Invited IV:
Cleaning for ML

Abstract

Data cleaning is widely regarded as a critical piece of machine learning (ML) applications, as data errors can corrupt models in ways that cause the application to operate incorrectly, unfairly, or dangerously. Traditional data cleaning focuses on quality issues of a dataset in isolation of the application using the data—Cleaning Before ML—which can be inefficient and, counterintuitively, degrade the application further. In this talk, I briefly discuss the application of general purpose cleaning algorithms in data science pipelines and review recent progress in Cleaning For ML. I will conclude with our vision of a holistic cleaning framework, and outline new challenges that arise when data cleaning meets ML applications.

Bio: Prof. Dr.

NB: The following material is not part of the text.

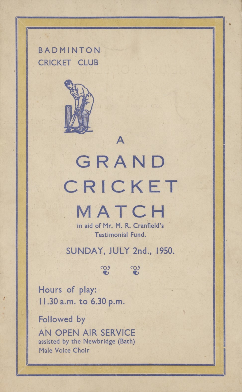 Souvenir programme for the match at Badminton CC in aid of M.R. Cranfield's Testimonial Fund on July 2nd 1950. The Duke's XI included Hammond, Gubby Allen, B.H. Lyon and R.A. Sinfield, the County XI included many Gloucestershire players including Graveney, Goddard and Cook. Commentry was given by John Arlott.

Ziawasch Abedjan

Ziawasch Abedjan is a university professor and chairs the “Databases and Information Systems” group at the Leibniz University in Hanover. He serves as Principal Investigator at the L3S Research Centre in Hanover and fellow of the Berlin Institute for the Foundations of Learning and Data (BIFOLD). He is further Visiting Academic at Amazon and Junior Fellow of the German Computer Science Society (GI). Ziawasch Abedjan earned his doctorate at the Hasso-Plattner Institute in Potsdam and spent two years at MIT as a post-doctoral associate. Before his tenure in Hanover, he served as a Junior Professor at the Technical University of Berlin and as a senior researcher at the German Research Centre for Artificial Intelligence (DFKI). His research is supported by grants from the German Research Foundation (DFG) and the Federal Ministry for Education and Research (BMBF).